Siria: più di 162 000 morti dall’inizio della guerra che indebolisce anche il Libano

Siria: più di 162 000 morti dall’inizio della guerra che indebolisce anche il Libano

Più di 162 000 persone sono state uccise in Siria da quando è iniziata la guerra civile nel marzo del 2011, secondo un nuovo bilancio redatto lunedì dall’Osservatorio siriano dei diritti dell’uomo (OSDH). Una guerra senza sosta che sta scrivendo con il sangue la storia di questo paese.

SYRIA-CONFLICTQuesto organismo situato nel Regno Unito che si appoggia su un vasto numero di militanti e di risorse mediche e militari, ha redatto questo terrificante bilancio: 162 402 morti, di cui 53 978 civili, tra i quali 8 607 sono bambini. Secondo l’OSDH, le violenze hanno prodotto la morte di 42 701 militanti dell’opposizione, di cui 500 sono jihadisti del Fronte Al-Nosra e dello Stato islamico in Iraq. Per contro, 61 170 membri delle forze del regime sono morti, di cui 37 685 sono soldati e 23 485 sono miliziani.

L’ONG ha ugualmente tenuto conto dei 438 morti nelle fila del movimento sciita libanese Hezbollah, che affiancano le forze del regime.

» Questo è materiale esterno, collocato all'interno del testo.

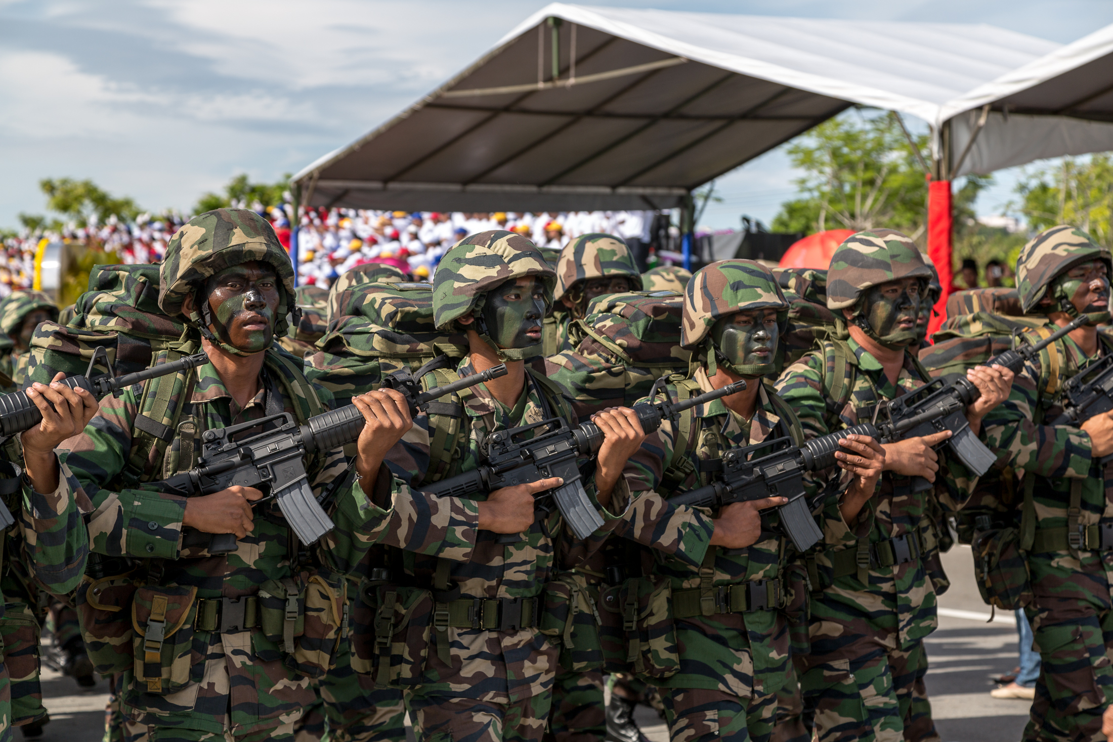 Kota Kinabalu, Sabah, Malaysia: Parade during Celebrations of Hari Merdeka 2013 in Likas on August 31, 2013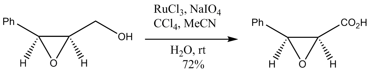 Reaction drawn in Chemdrawn by me.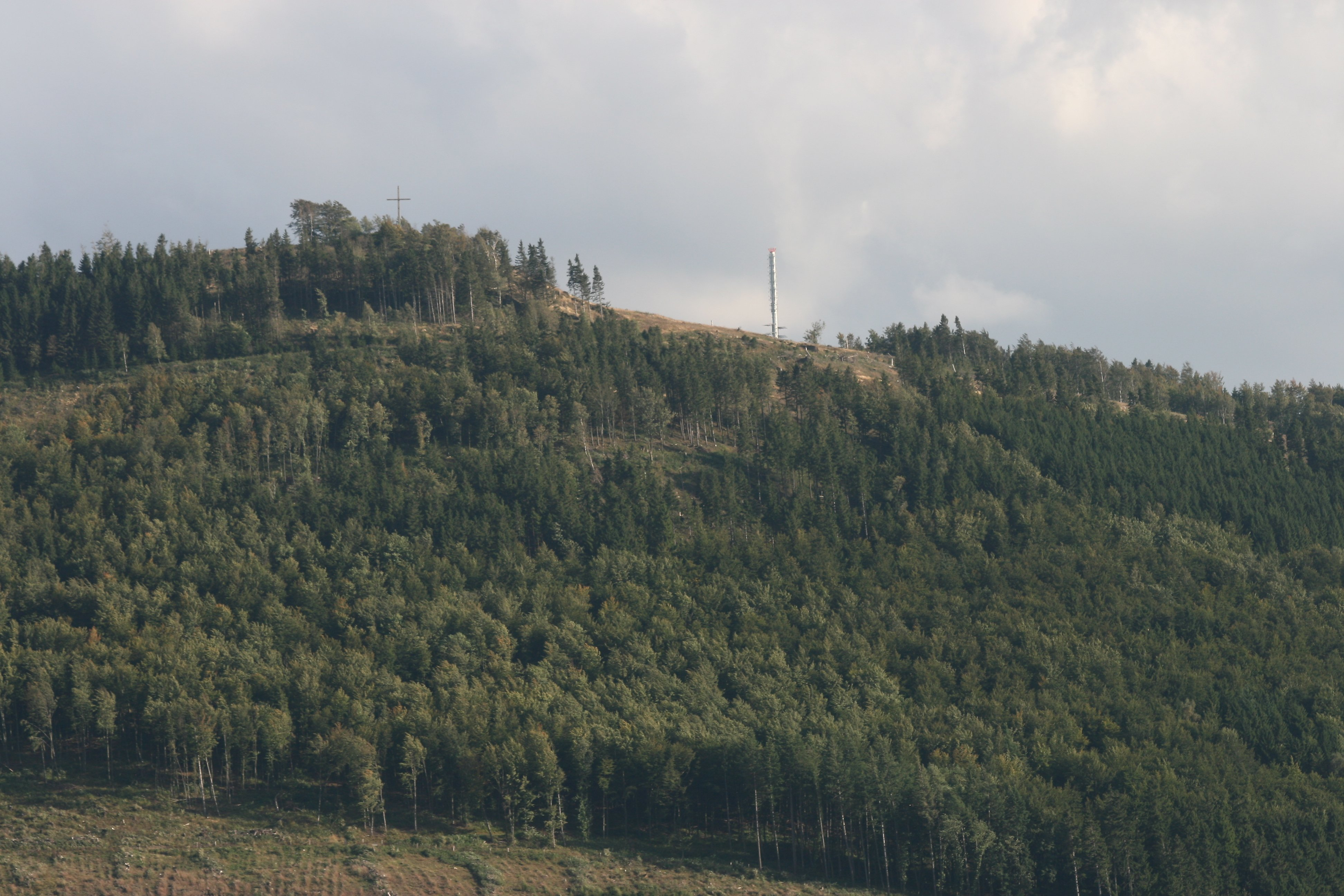 Mountain Olsberg near town Olsberg in Germany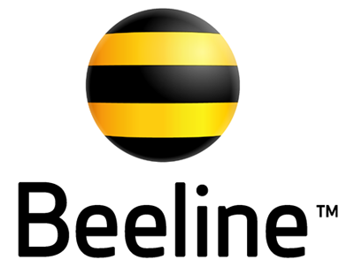 This is a logo for Beeline.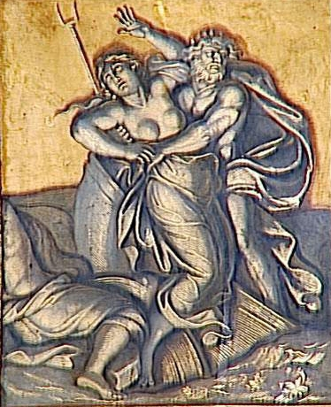 Pluto Abducting Persephone, with Pluto holding his bident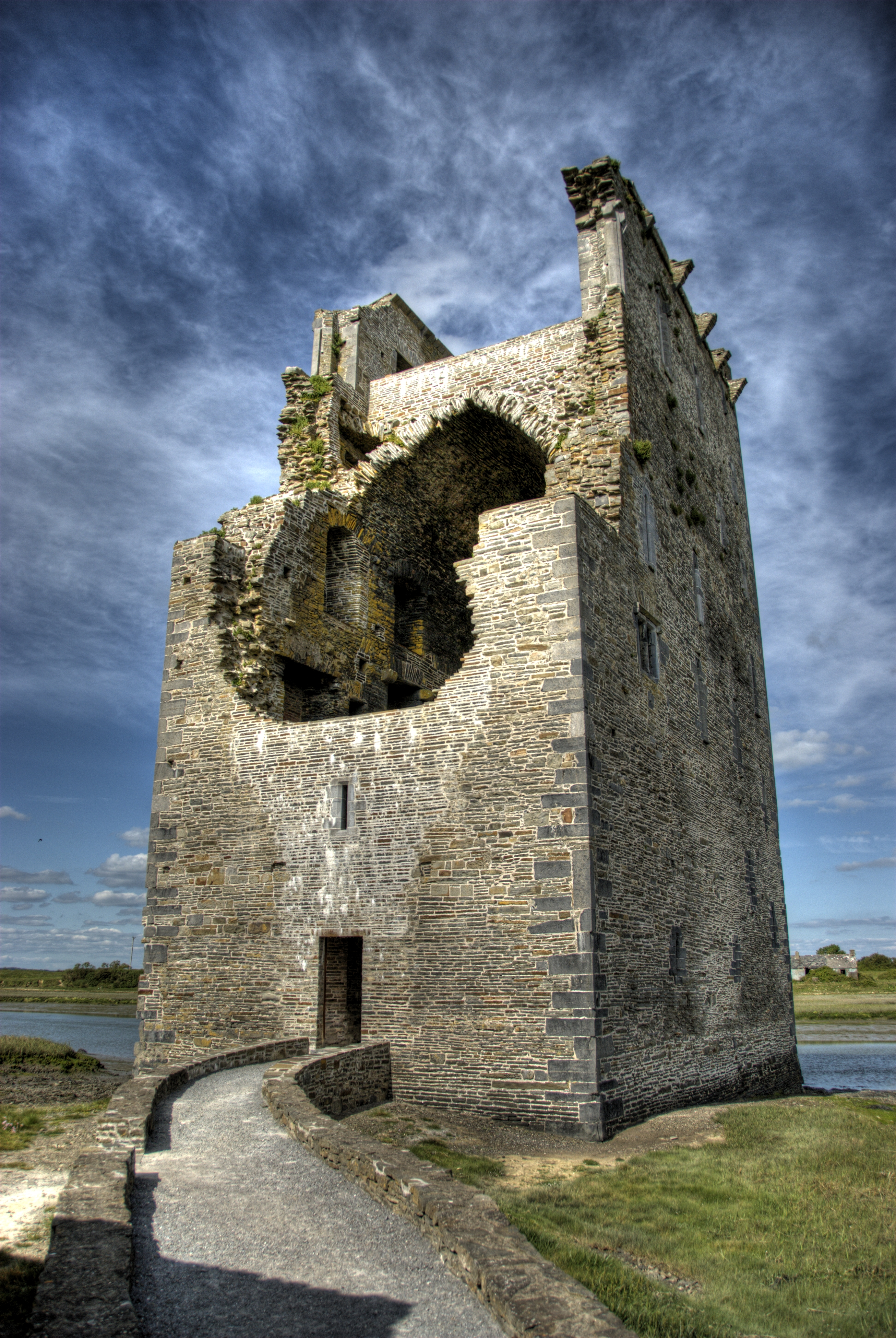 HDR photo of Carrigafoyle Castle, Co. Kerry, Republic of Ireland.

Tra gli altri, a sostenere le armi del regime di Bashar Al-Assad, sono morte 1 224 persone nel conflitto, le cui identità restano ignote.

Un precedente bilancio dell’OSDH, comunicato lo scorso aprile, riferiva di 150 000 morti. Il conflitto in Siria è iniziato nel marzo del 2011 con una rivolta popolare inizialmente pacifica contro il regime di Assad, che si è scontrato ad una sanguinosa repressione che si è progressivamente militarizzata. Questa guerra violenta, che entra nel quarto anno di belligeranza, ha generato oltre 9 milioni di sfollati ossia quasi la metà del popolo siriano.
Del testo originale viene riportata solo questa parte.